Task brief » Without copying any pictures, restate exactly the lines from the start of the records through the line containing "于是,我就尝试找问题源run".

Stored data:
* * *

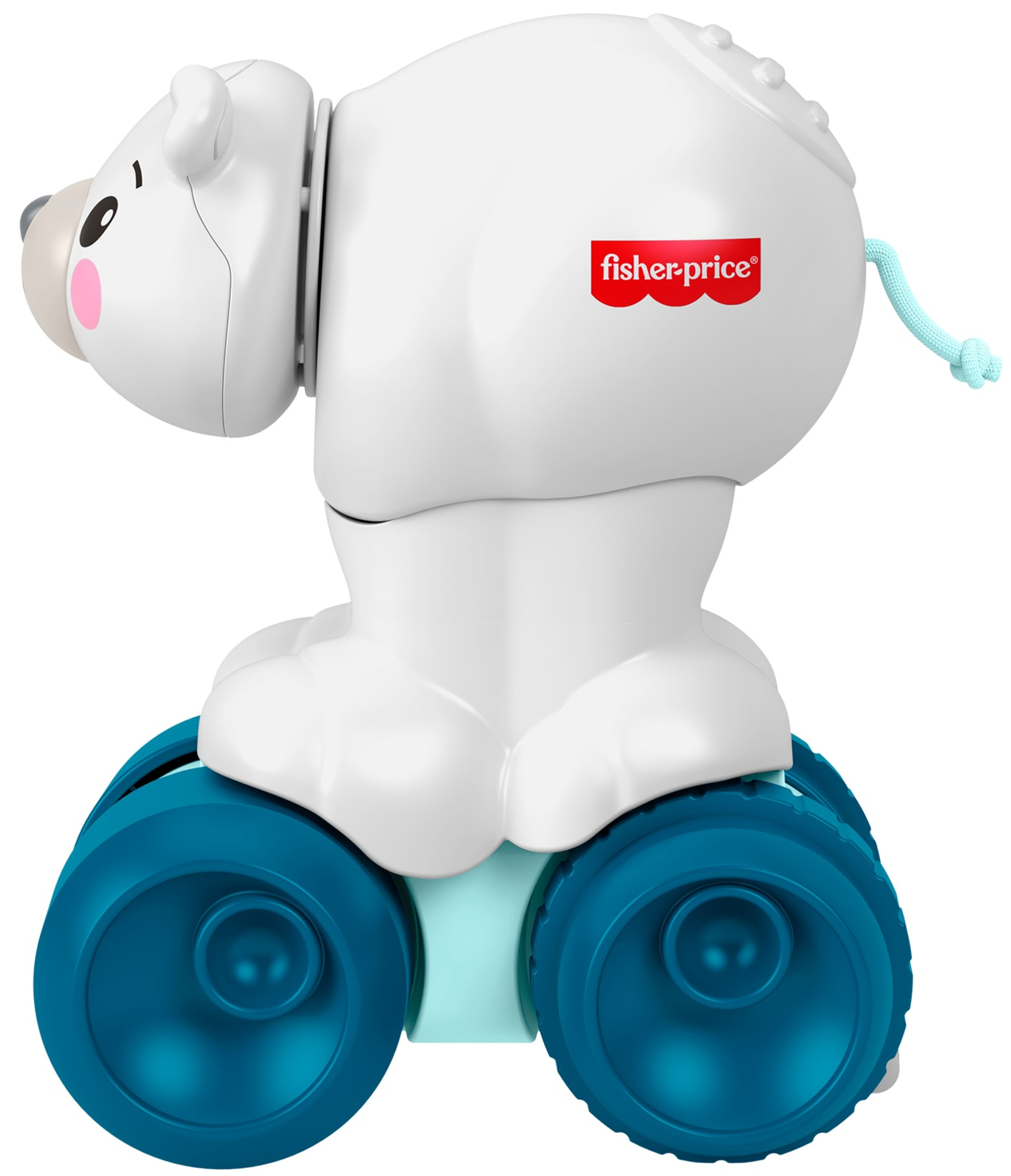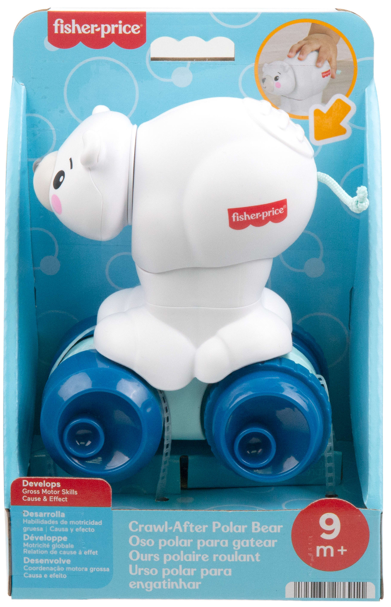 - Zachęć swojego szkraba do pierwszych kroków na czworakach z uroczym Misiem polarnym na kółkach „Raczkuj za mną” od Fisher-Price! Ten wesoły kompan popędzi przed maluchem, motywując go do podążania i odkrywania świata na własnych rączkach i nóżkach.
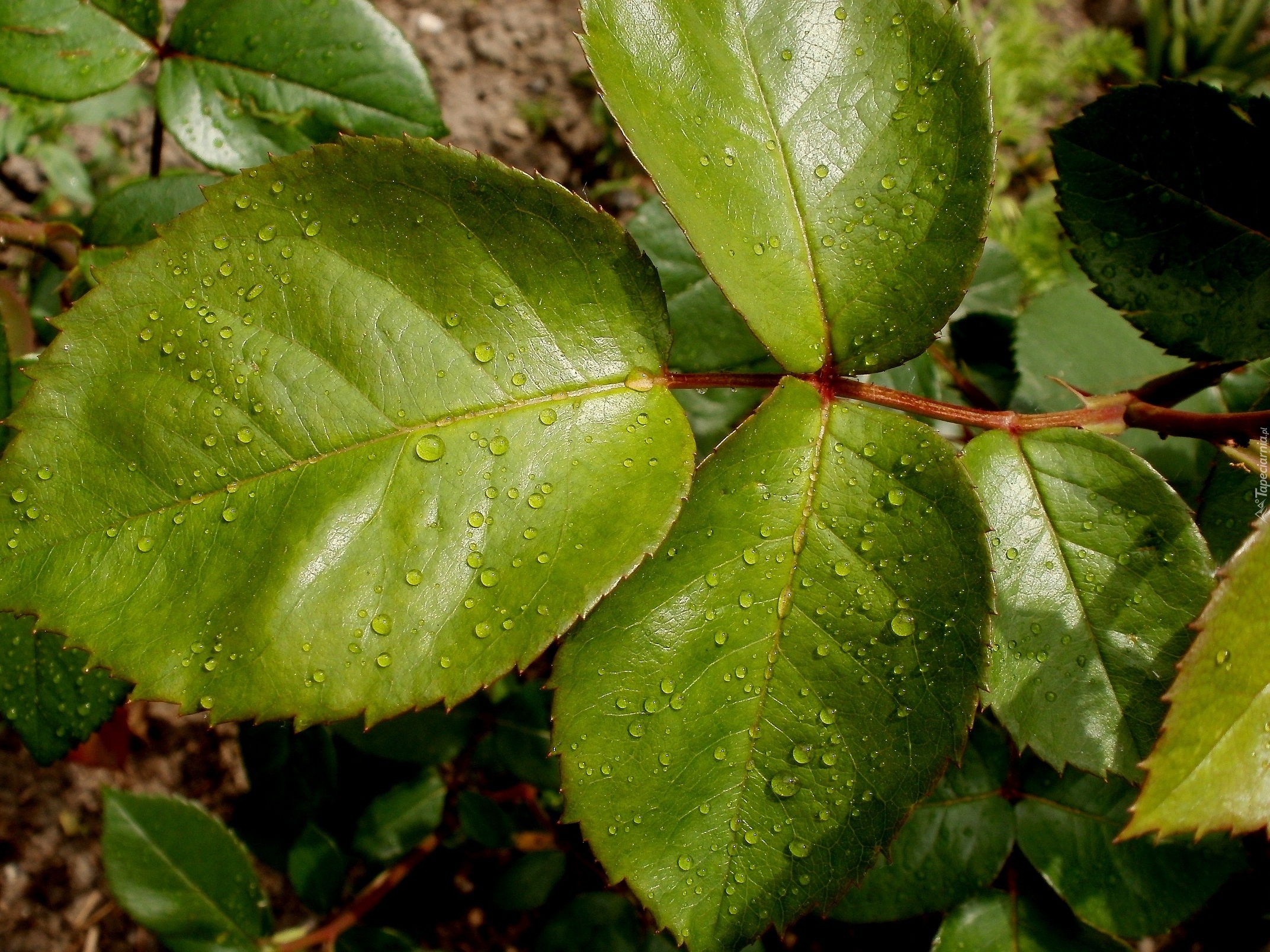 Edytor tapety: Liść, Róży, Krople, Deszczu
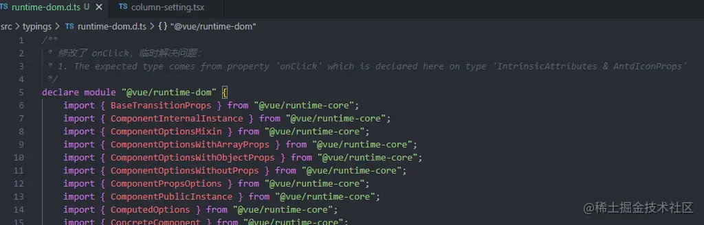 于是,我就尝试找问题源runtime-dom.d.ts有没有什么问题,先仔细观察下报错信息,
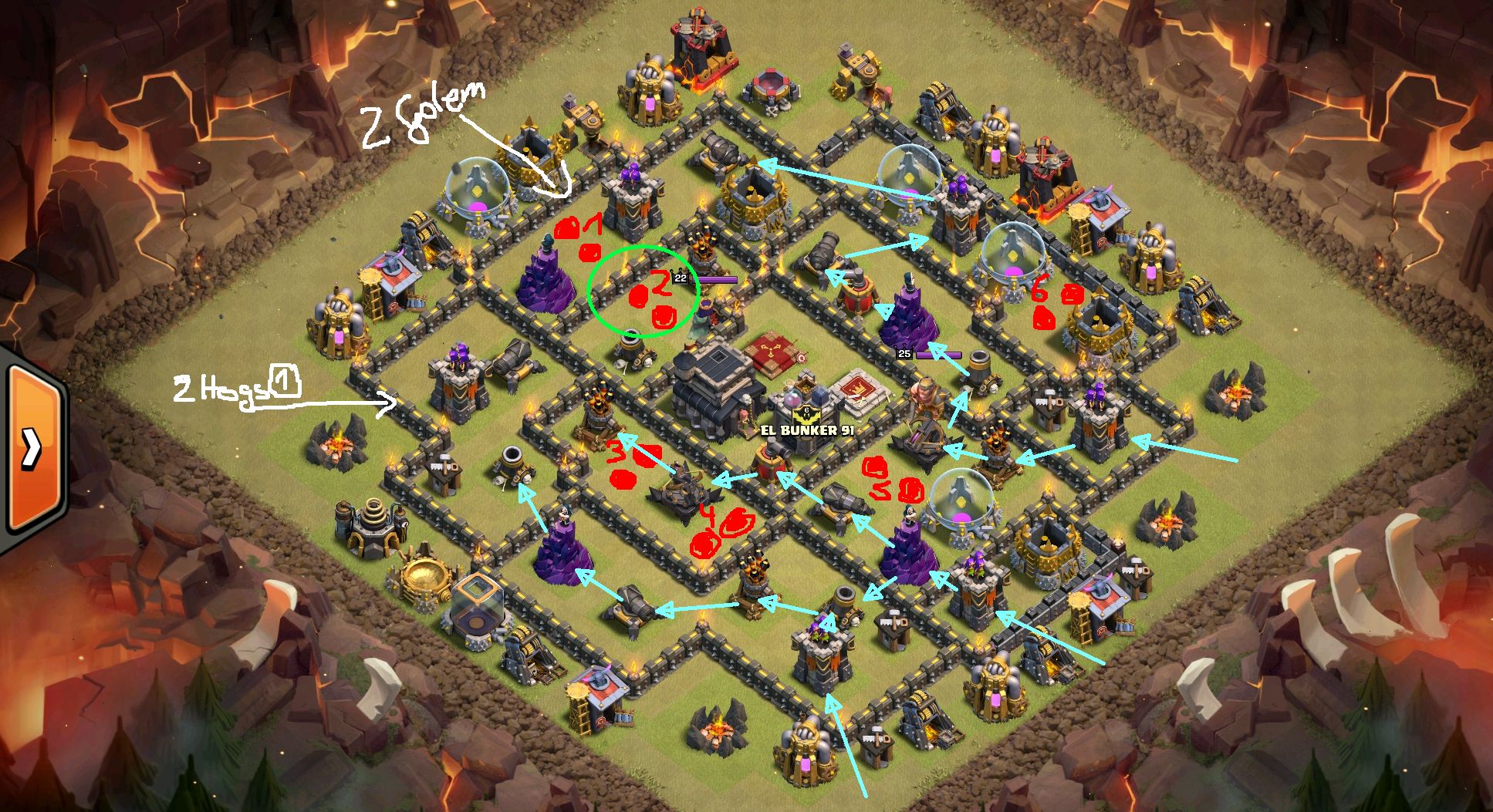 #4 Ich würde das Dorf mit Hogs angreifen, vorher mit einer kleinen Killsquad (Golem, Helden, ein paar Magier) die gegnerische Queen und die Clanburg ausschalten. Bei der Gelegenheit kannst du auch gleich eine Handvoll Hogs mit reinschicken, welche die Verteidigung im Südbereich dezimieren (und dabei den Golem etwas schonen). Wenn doppelte Riesenbomben vorhanden sind, dann beim Rathaus, halte ich aber für unwahrscheinlich, eher werden dort die Teslas stehen. Ein oder zwei Riesenbomben löst du vielleicht schon aus, bevor der eigentliche Hogangriff erfolgt.
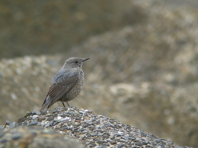 イソヒヨドリは偶然出会いました。イソシギを追いかけて行くと、イソヒヨドリが消波ブロックに姿を現しました。なんとか距離を縮めて、撮らせてもらいました。目をつけたイソシギは、少し向こうのブロックへ飛んで行きましたが、まもなく二羽で戻ってきました。一羽がそのまま飛び去り、もう一羽は飛んできた方へ戻って行きました。どうやら縄張りに進入してしまったようでした。
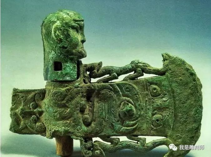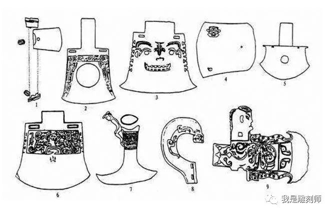 斧钺在古代作为一种权杖,甚至还有着通神的意义。在成都金沙遗址出土的一柄斧钺,它的两面都雕琢有精致的纹饰,顶部以兽面纹为中心,兽面纹有双角、卷耳、双眼构成。
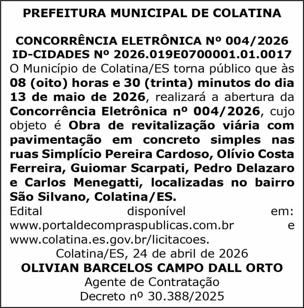 CONCORRÊNCIA ELETRÔNICA Nº 004/2026 – PMC Adalberto Batista Publicidade Legal 24 de abril de 202624 de abril de 2026 0 Comentário PREFEITURA MUNICIPAL DE COLATINA – Nº 274 – COLATINA – ES, DIA 24 DE ABRIL DE 2026
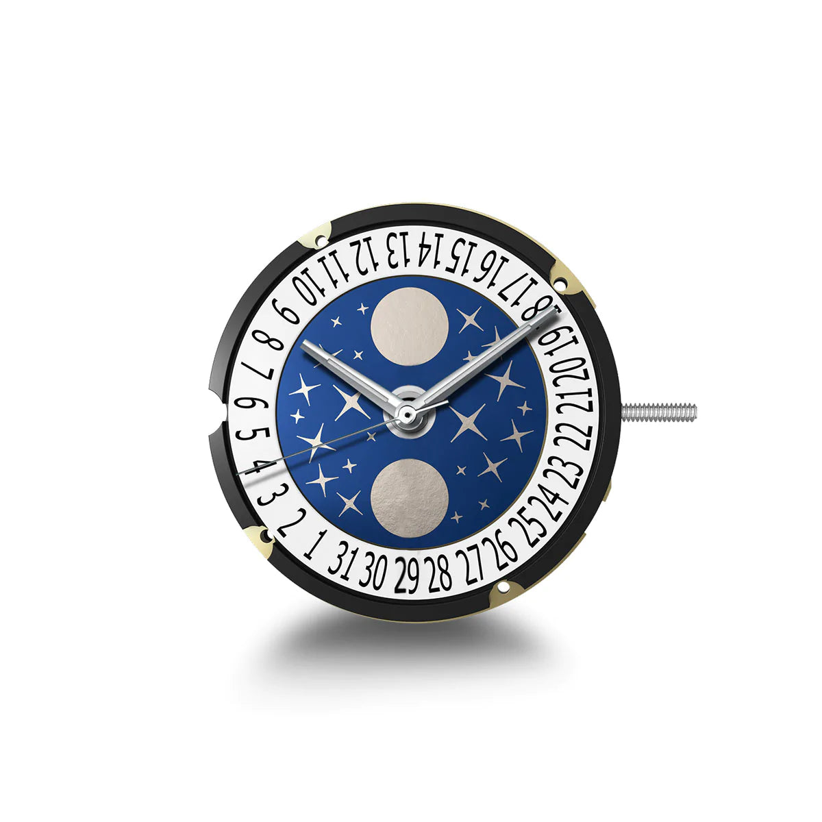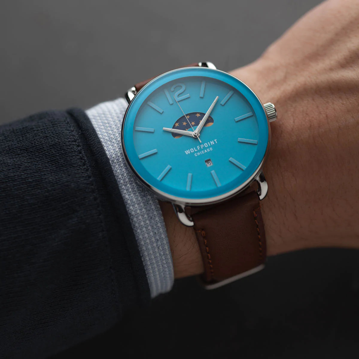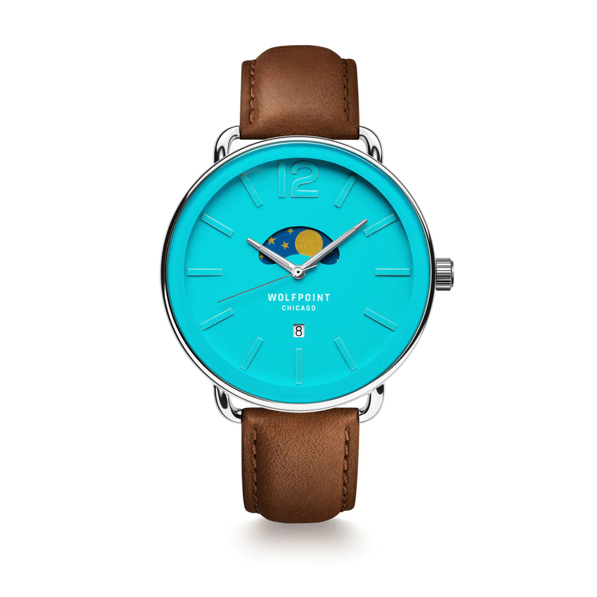 Modern and sophisticated, this classic enamel dial is adorned with a Cloud Gate- inspired window that displays the moon's phase as it can be seen in the night sky. Featuring dial color matching index sticks for a face to remember.

* * *

Reply to the task »
 - Zachęć swojego szkraba do pierwszych kroków na czworakach z uroczym Misiem polarnym na kółkach „Raczkuj za mną” od Fisher-Price! Ten wesoły kompan popędzi przed maluchem, motywując go do podążania i odkrywania świata na własnych rączkach i nóżkach.
 Edytor tapety: Liść, Róży, Krople, Deszczu
 于是,我就尝试找问题源runtime-dom.d.ts有没有什么问题,先仔细观察下报错信息,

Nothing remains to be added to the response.